I have nothing to add to the many words of outrage and protest that were published in the days following the fire, including by the Jesuit Institute. I have nothing to add to the professional analyses and exhaustive information that was provided. My unique reason for writing now is to exhort us not to “simply move on”. Let this event be engraved on our minds and hearts. Let the story of 80 Albert Street be a permanent signpost on our way.
Unable to get to know those who died, I have attempted to get to know the place in which they perished. Without knowing the names of the victims, their death trap at 80 Albert Street must evoke them so that we do not move on. Before the fire, a plaque marked the building, narrating its ominous history. “The Central Pass Office was an infamous checkpoint of the influx control system under apartheid. The “Dompas”, which controlled the movement of African people, was issued here. Denied a place in the city, many were ordered to leave Johannesburg. This building opened in 1954 as the Non-European Affairs Department and was greatly enlarged in the 1960s.” Established to control access to the city, resulting in the exclusion of many, this ominous building became a death trap for those we continue to exclude from access to reasonable conditions of life.
In between these two long chapters of exclusion, the plaque also reminded passersby that when the apartheid system had been finally dismantled, the building was converted and “in 1994, re-named the Usindiso Women’s Shelter”. The shelter housed abused, homeless women, teenage girls and children.

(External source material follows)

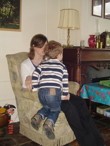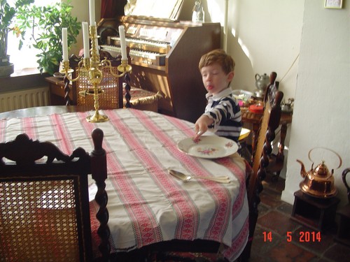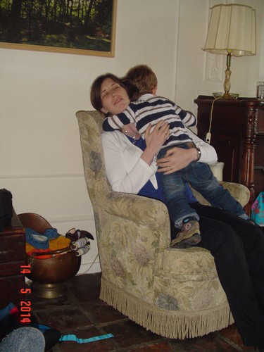 Mama is er, we zitten nog even te kletsen en dan is het eten klaar, Bart eet z'n bord pasta leeg met z'n handen, hele toet rood van de saus, z'n vla kan er dan niet meer bij. Hoogste tijd om in te pakken.

Those who ran the shelter tried to turn the structure into a cheerful, accommodating space of inclusion for the new residents. However, the shelter was finally closed in 2018 due to the ongoing deterioration of the physical structure and the threats to the inhabitants from criminal elements who had started to impose a regime of terror on all who entered. A raid by the city authorities in 2019 led to tens of people being charged with illegally extorting money from those seeking shelter there. However, this put a stop neither to the exploitation of the poor nor to the building’s continual crumbling. At that time, city officials had explicitly confirmed that the building was a threat to anyone residing there.
Justified criticism and rage must not replace horrified shock and deep sadness. By some estimates, another six hundred properties in Johannesburg are in a similar plight. Buildings, large and small, houses, and plots that have been abandoned by the authorities and have been turned into makeshift shelters for thousands of the city’s poor, local and migrants. Like the building in Albert Street, many others have fallen under the purvey of unscrupulous gangs. Let us not forget that their residents could meet a similar fate to those who have perished if we dare to simply move on.*
* Another fire broke out in a nearby building on the night of September 15. This time, the firefighters were more successful.